Already on GitHub? Sign in to your account

generate hic contact map based on purged genome? #79

Open
SmnYanGe opened this issue Jan 15, 2024 · 3 comments
Open

generate hic contact map based on purged genome? #79

SmnYanGe opened this issue Jan 15, 2024 · 3 comments

Comments

@SmnYanGe
Copy link

Hi, Thank you for creating and maintaining YaHS. I would like to ask question regarding the following:
After I assembled the genome using yahs, I purged the assembly using purge_dups. I would like to know if I can use the purged genome to generate a new hic contact map, my steps are as follows:
I followed the 'https://github.com/c-zhou/yahs#generate-hic-contact-maps' procedure,
First filter the alignments_sorted.txt generated in this step to retain what is still retained in the purged assembly.
Then run juicer_tools to generate a new hic contact heatmap with new alignments_sorted.txt and new scaffolds_final.chrom.sizes, but it runs with an error:

java.lang.ArrayIndexOutOfBoundsException: Index 174 out of bounds for length 174
at juicebox.tools.utils.original.ExpectedValueCalculation.addDistance(ExpectedValueCalculation.java:171)
at juicebox.tools.utils.original.Preprocessor$MatrixZoomDataPP.incrementCount(Preprocessor.java:1670)
at juicebox.tools.utils.original.Preprocessor$MatrixPP.incrementCount(Preprocessor.java:1511)
at juicebox.tools.utils.original.Preprocessor.writeBody(Preprocessor.java:777)
at juicebox.tools.utils.original.Preprocessor.preprocess(Preprocessor.java:419)
at juicebox.tools.clt.old.PreProcessing.run(PreProcessing.java:122)
at juicebox.tools.HiCTools.main(HiCTools.java:94)
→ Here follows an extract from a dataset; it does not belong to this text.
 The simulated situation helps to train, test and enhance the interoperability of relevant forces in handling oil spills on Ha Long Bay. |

I would like to know your opinion and advice, Thanks for your help!

@c-zhou
Copy link
Owner

c-zhou commented Jan 18, 2024

Hello @SmnYanGe,

I cannot tell where the problem is from the error message. My guess is that you have a very short sequence in your scaffolds - maybe 174bp long, and this triggered a juicer_tools problem. One solution could be removing those extremely short sequences. You just need to update the scaffolds_final.chrom.sizes to exclude the corresponding lines.

Best,
Chenxi

@SmnYanGe
Copy link
Author

Hi @c-zhou and thank you for your response!
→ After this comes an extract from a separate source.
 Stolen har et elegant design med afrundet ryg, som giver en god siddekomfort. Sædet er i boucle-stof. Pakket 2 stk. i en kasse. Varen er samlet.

I have identified the issue: if I use purge_dups on the assembly results generated by yahs, it changes the lengths of the scaffolds, thereby causing a mismatch in data between the two files 'alignments_sorted.txt' and 'scaffolds_final.chrom.sizes'. If I simply remove some low coverage scaffoldss without performing a purge, I can successfully generate a hic map.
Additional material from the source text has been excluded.